How China Demands Tech Firms Reveal Hackable Flaws in Their Products
For state-sponsored hacking operations, unpatched vulnerabilities are valuable ammunition. Intelligence agencies and militaries seize on hackable bugs when they're revealed—exploiting them to carry out their campaigns of espionage or cyberwar—or spend millions to dig up new ones or to buy them in secret from the hacker gray market.
But for the past two years, China has added another approach to obtaining information about those vulnerabilities: a law that simply demands that any network technology business operating in the country hand it over. When tech companies learn of a hackable flaw in their products, they’re now required to tell a Chinese government agency—which, in some cases, then shares that information with China's state-sponsored hackers, according to a new investigation. And some evidence suggests foreign firms with China-based operations are complying with the law, indirectly giving Chinese authorities hints about potential new ways to hack their own customers.

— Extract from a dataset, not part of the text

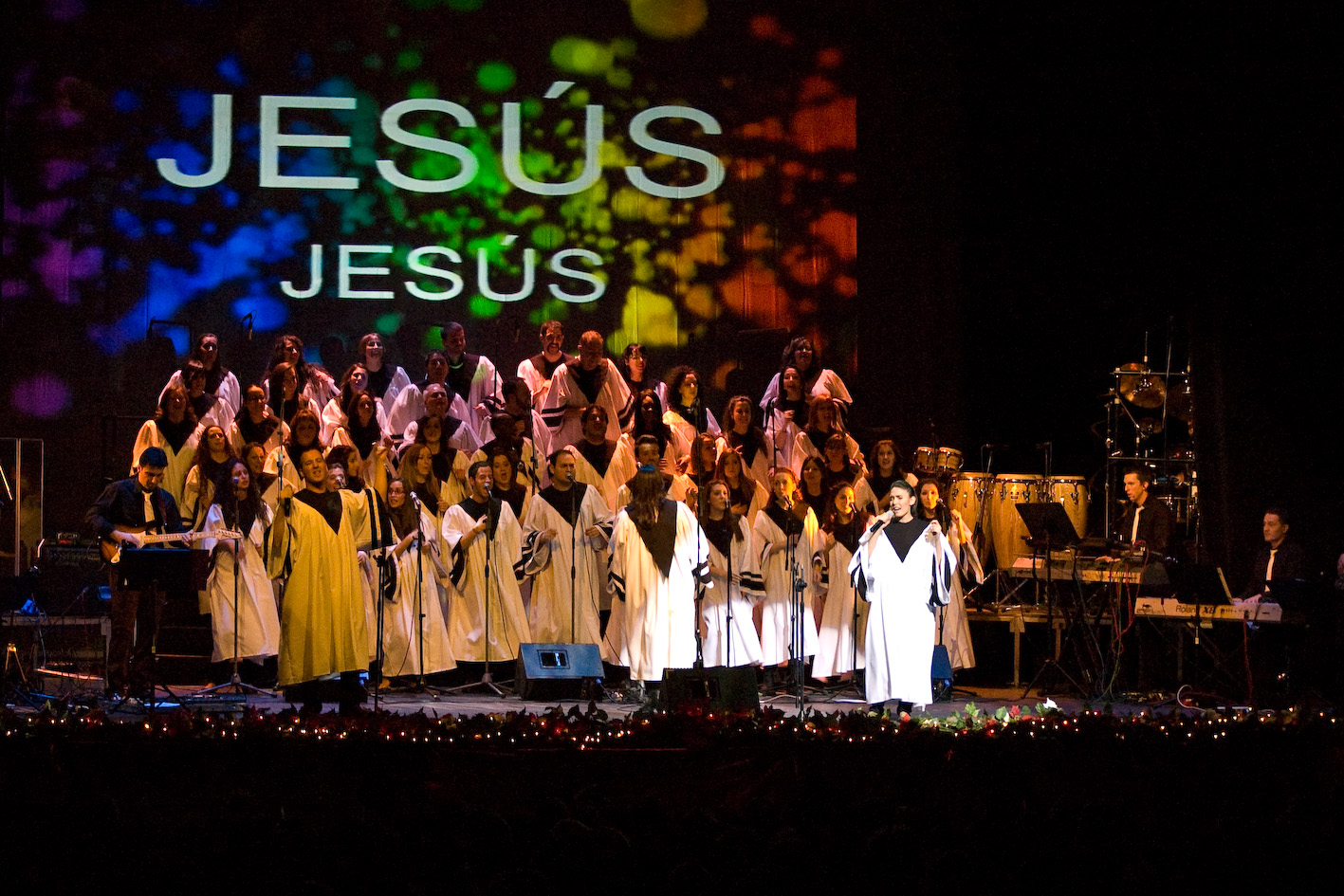 Gospel living water

Today, the Atlantic Council released a report—whose findings the authors shared in advance with WIRED—that investigates the fallout of a Chinese law passed in 2021, designed to reform how companies and security researchers operating in China handle the discovery of security vulnerabilities in tech products. The law requires, among other things, that tech companies that discover or learn of a hackable flaw in their products must share information about it within two days with a Chinese agency known as the Ministry of Industry and Information Technology. The agency then adds the flaw to a database whose name translates from Mandarin as the Cybersecurity Threat and Vulnerability Information Sharing Platform but is often called by a simpler English name, the National Vulnerability Database.